Prediction: This Warren Buffett Stock Will Outperform the Market Through 2030
It may not be the growth stock it once was, but there’s still has plenty of fuel left in the tank.
What is Warren Buffett’s favorite stock? Other than the company he chairs, Apple (AAPL -1.41%) may well be at the top of that list. The iPhone maker has been one of Buffett’s largest holdings for years, even as he has decreased his stake in the tech company over the past 12 months.
Regardless, Apple remains a top stock to buy, and thanks to ongoing development and progress, the company could deliver market-beating returns through the end of the decade. Let’s find out why.
Apple’s artificial intelligence (AI) play
The latest iteration of Apple’s famous device, the iPhone 16, came out earlier this year. The iPhone no longer generates the buzz it once did, but the company is counting on a suite of artificial intelligence (AI) features the iPhone 16 comes with to raise consumers’ interest.
None of Apple’s AI features are particularly new. They include generative AI-assisted writing, editing, and summarization tools; ChatGPT integrated with Siri; the ability to create images; and more, all of which many other companies offer in some capacity.
However, few companies have the kind of ecosystem and consumer loyalty that Apple has. Its integration of nifty AI tools into its most popular device (and others) at a time when people are generally excited about what the technology can do could lead to a robust renewal cycle, resulting in solid revenue growth.
Apple is just getting started, too. During the company’s fourth-quarter earnings conference call, CEO Tim Cook said: “This is just the beginning of what we believe generative AI can do, and I couldn’t be more excited for what’s to come.”
Some investors and analysts were unhappy with Apple because they thought it was trailing its tech industry peers in using AI. Apple, though, does not necessarily seek to be first to market.
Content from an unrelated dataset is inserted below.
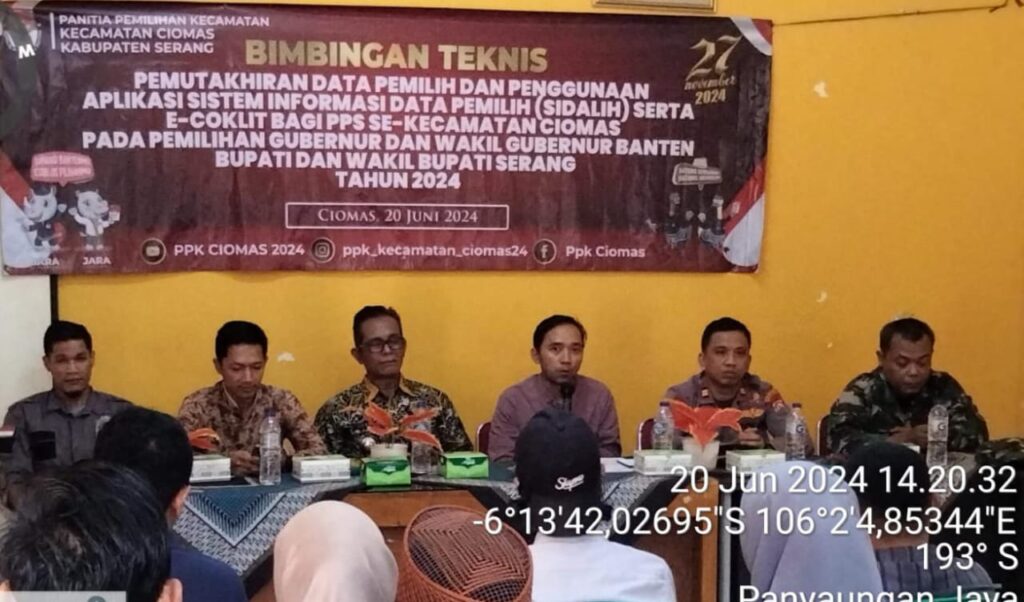 Turut hadir dalam kegiatan tersebut Camat Ciomas, H. Ugun Gumilar, Kapolsek Ciomas, Iptu Fridy Romadana, Komisioner Komisi Pemilihan Umum (KPU) Kabupaten Serang, H. Asmawi, Panwascam Ciomas, Iwan Suryani, dan Ketua PPK Ciomas serta PPS seluruh Kecamatan Ciomas.
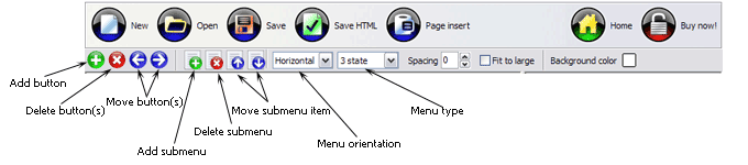 Delete button(s) - to delete selected submenu item(s). Is inactive if no button is selected.

The iPhone was not the first portable phone or even smartphone, nor were its AirPods the first headphones. They were just significant improvements over the then-available options.
While it’s not known what Apple will do next in AI, but clearly, the company has big plans in that department. It could provide a significant tailwind for Apple in the coming years, especially as it has plenty of money to invest.
Apple ended its latest period, the fourth quarter of its fiscal year 2024, with $108.81 billion in free cash flow, a slight increase compared to the year-ago period.
Services will play a role, too
In Apple’s fourth quarter (ended Sept. 28), the company reported revenue of $94.9 billion, an increase of 6% year over year. Apple’s services segment continues to grow faster than the rest of the business, with services sales coming in at about $25 billion, 12% higher than the year-ago period. According to management, Apple’s number of active devices reached a new all-time high, although it did not give an exact number. But it’s believed to be well over 2 billion.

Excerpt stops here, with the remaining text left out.